Your assignment |
Leave out the pictures, then return the records word for word.
====== Records supplied ======
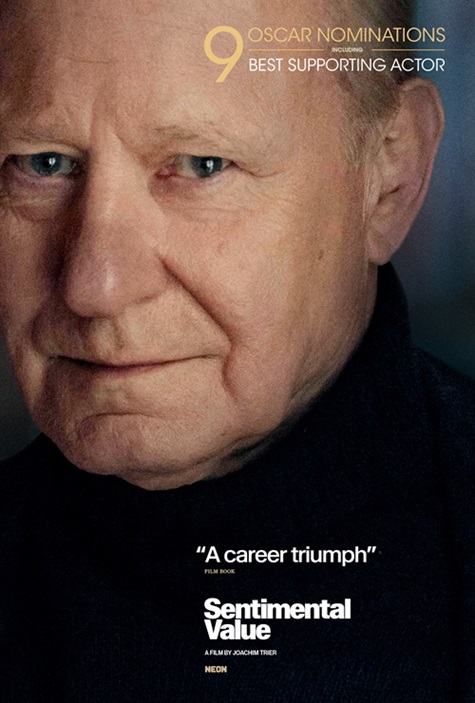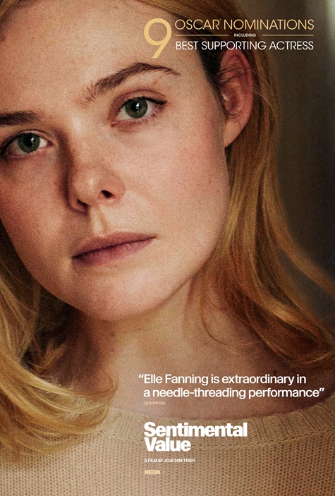 “Sentimental Value” tells the story of a family trying to mend their fractured relationships after years of hidden hurt and distance. Renate Reinsve and Inga Ibsdotter Lilleaas star as two sisters with distinct personalities but a strong bond. Stellan Skarsgård plays their father, who unexpectedly returns to their lives, and Elle Fanning portrays an observer who offers a fresh outlook on their connections. The film features complex, well-developed characters and outstanding, award-caliber performances. You can find my complete review here.
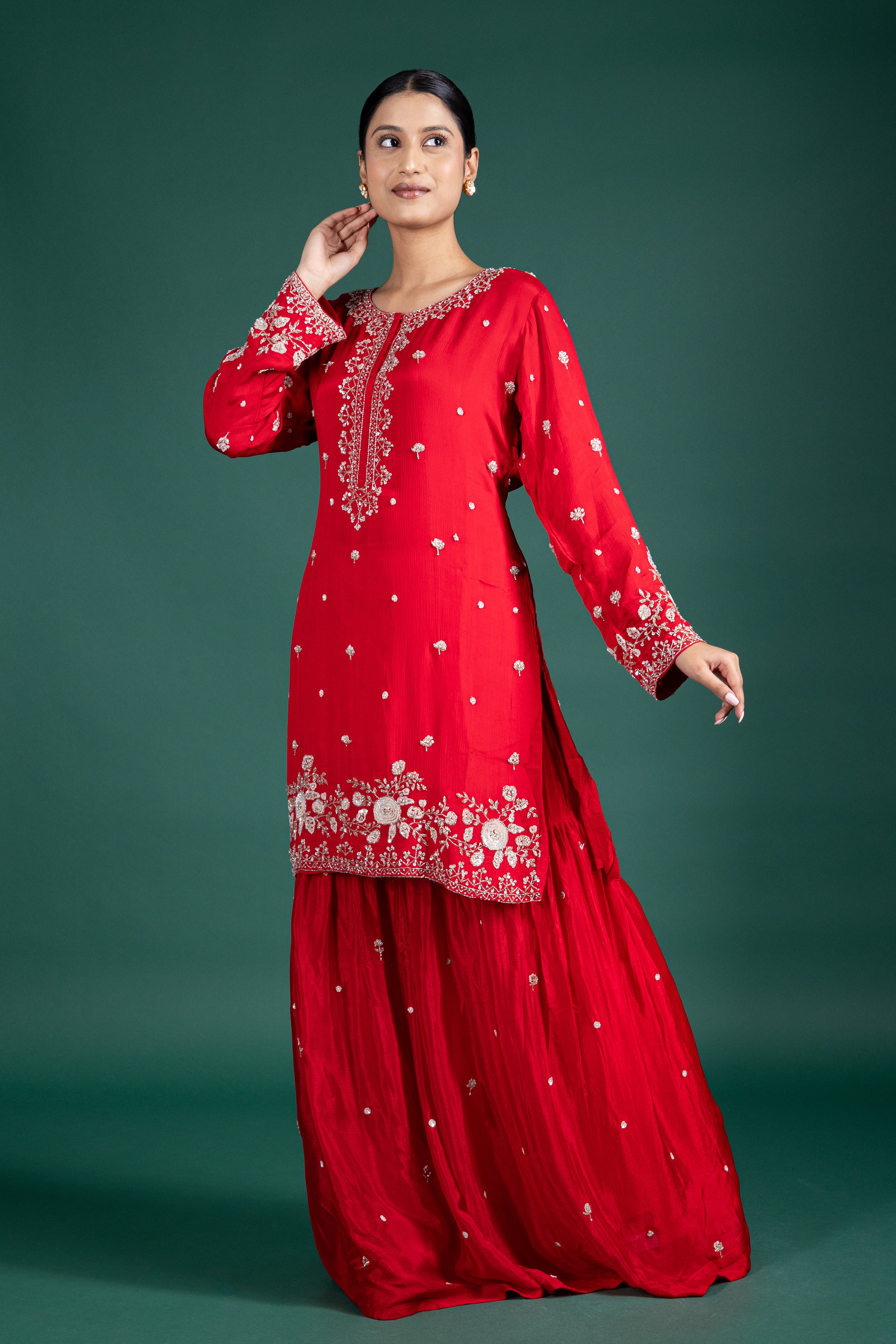 Scarlet Red Sharara with Embroidered Silver Detailing
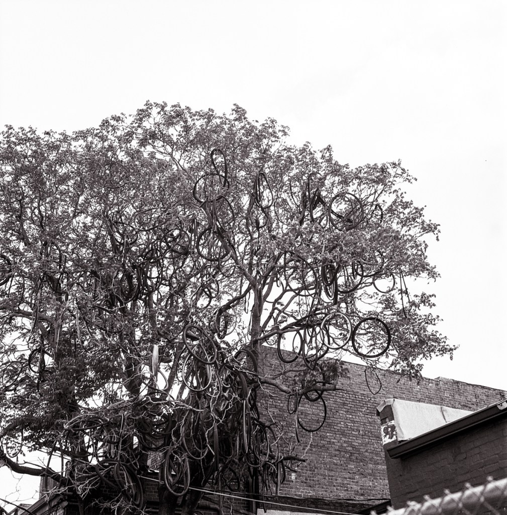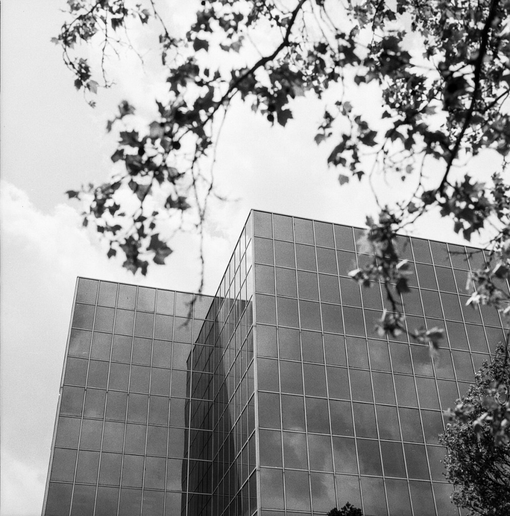 Finally on Monday, the weather cleared up (and so did my achiness and sneezing fits). The camera was loaded with a roll of Rollie RPX 100. I’d never shot this film before. I’d purchased a single roll of it to try out at some point. I ventured out and shot the whole roll in less than an hour. When it came time to develop it, I did a little research on developers. The Internet was loud and clear that Rodinal 1:50 with this film is a hard combination to beat.
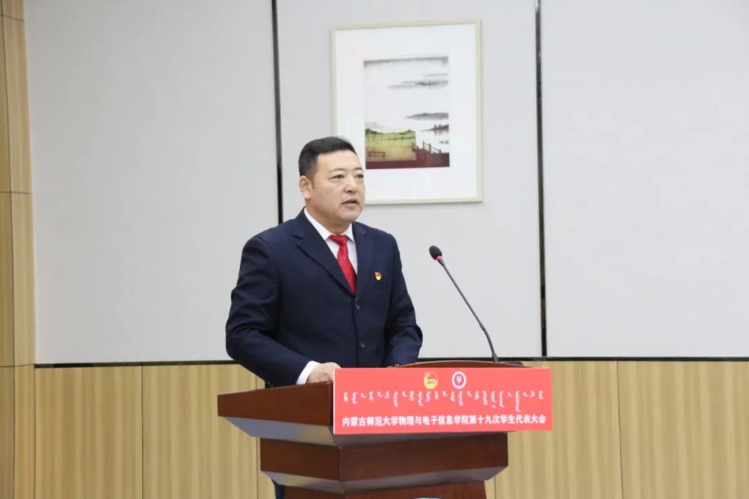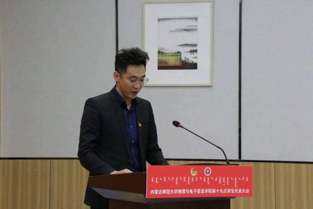 校团委青年发展部副部长孟伟东老师代表校团委首先对我院团学工作给予了充分肯定,其次从坚定理想信念、培育高尚品格,、练就过硬本领三个方面向我院广大青年学生提出了建议和希望。他希望,青年学生代表在团组织的带领下,以此次学代会为契机,紧跟中国共产党的脚步,不忘跟党初心,坚守青春使命,在新中国前进的道路上展现内蒙古师范大学物理与电子信息学院的风采。
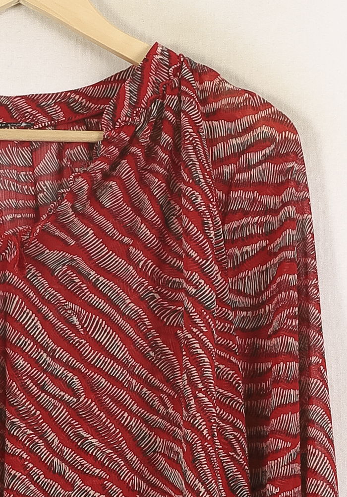 Top femme One Step, taille XXL/44, imprimé rouge à motifs graphiques. La confiserie est une matière fluide, le modèle se distingue par la longueur du vêtement, les longueurs importantes étant utilisées pour les élastiques et le design est particulièrement confortable et élégant. Parfait pour une journée au bureau ou un déjeuner entre amis.
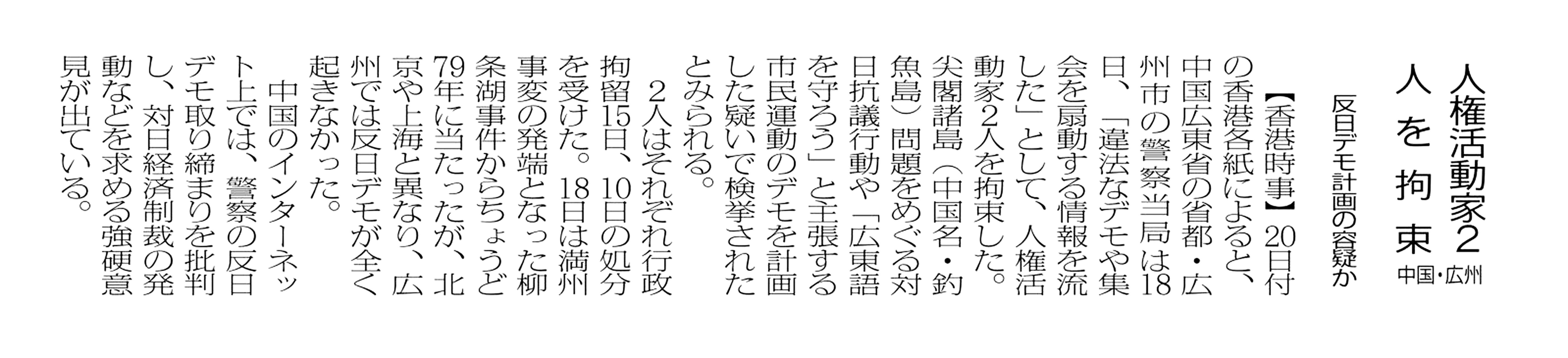 > 人権活動家2人を拘束/中国・広州:
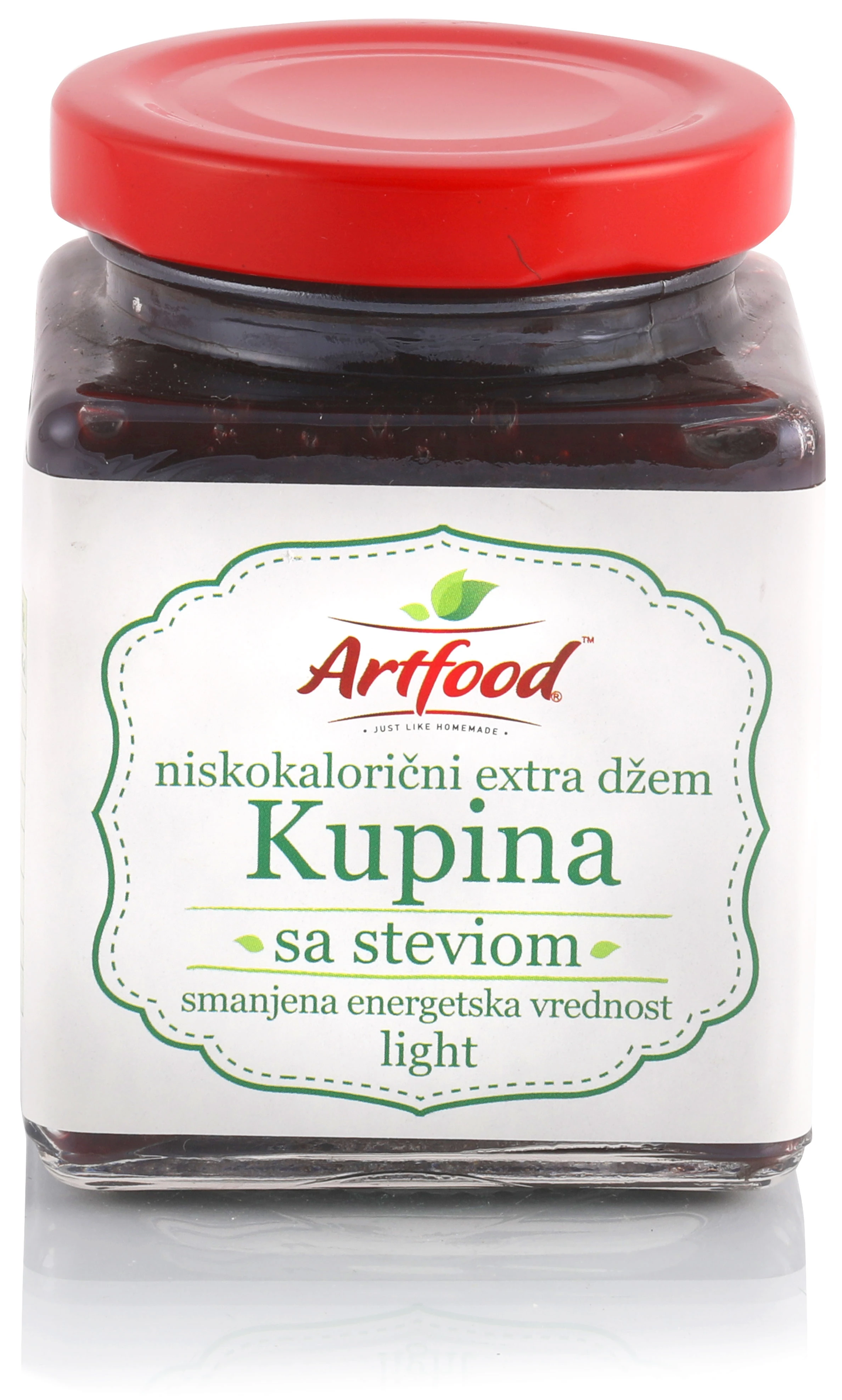 Kupina, fruktoza (18 %), sredstvo za želiranje: pektin, limunska kiselina, antioksidans: askorbinska kiselina, zaslađivač: steviol glikozid. Suva materija 33-38 %.
======
Solved exercise |
 “Sentimental Value” tells the story of a family trying to mend their fractured relationships after years of hidden hurt and distance. Renate Reinsve and Inga Ibsdotter Lilleaas star as two sisters with distinct personalities but a strong bond. Stellan Skarsgård plays their father, who unexpectedly returns to their lives, and Elle Fanning portrays an observer who offers a fresh outlook on their connections. The film features complex, well-developed characters and outstanding, award-caliber performances. You can find my complete review here.
 Scarlet Red Sharara with Embroidered Silver Detailing
 Finally on Monday, the weather cleared up (and so did my achiness and sneezing fits). The camera was loaded with a roll of Rollie RPX 100. I’d never shot this film before. I’d purchased a single roll of it to try out at some point. I ventured out and shot the whole roll in less than an hour. When it came time to develop it, I did a little research on developers. The Internet was loud and clear that Rodinal 1:50 with this film is a hard combination to beat.
 校团委青年发展部副部长孟伟东老师代表校团委首先对我院团学工作给予了充分肯定,其次从坚定理想信念、培育高尚品格,、练就过硬本领三个方面向我院广大青年学生提出了建议和希望。他希望,青年学生代表在团组织的带领下,以此次学代会为契机,紧跟中国共产党的脚步,不忘跟党初心,坚守青春使命,在新中国前进的道路上展现内蒙古师范大学物理与电子信息学院的风采。
 Top femme One Step, taille XXL/44, imprimé rouge à motifs graphiques. La confiserie est une matière fluide, le modèle se distingue par la longueur du vêtement, les longueurs importantes étant utilisées pour les élastiques et le design est particulièrement confortable et élégant. Parfait pour une journée au bureau ou un déjeuner entre amis.
 > 人権活動家2人を拘束/中国・広州:
 Kupina, fruktoza (18 %), sredstvo za želiranje: pektin, limunska kiselina, antioksidans: askorbinska kiselina, zaslađivač: steviol glikozid. Suva materija 33-38 %.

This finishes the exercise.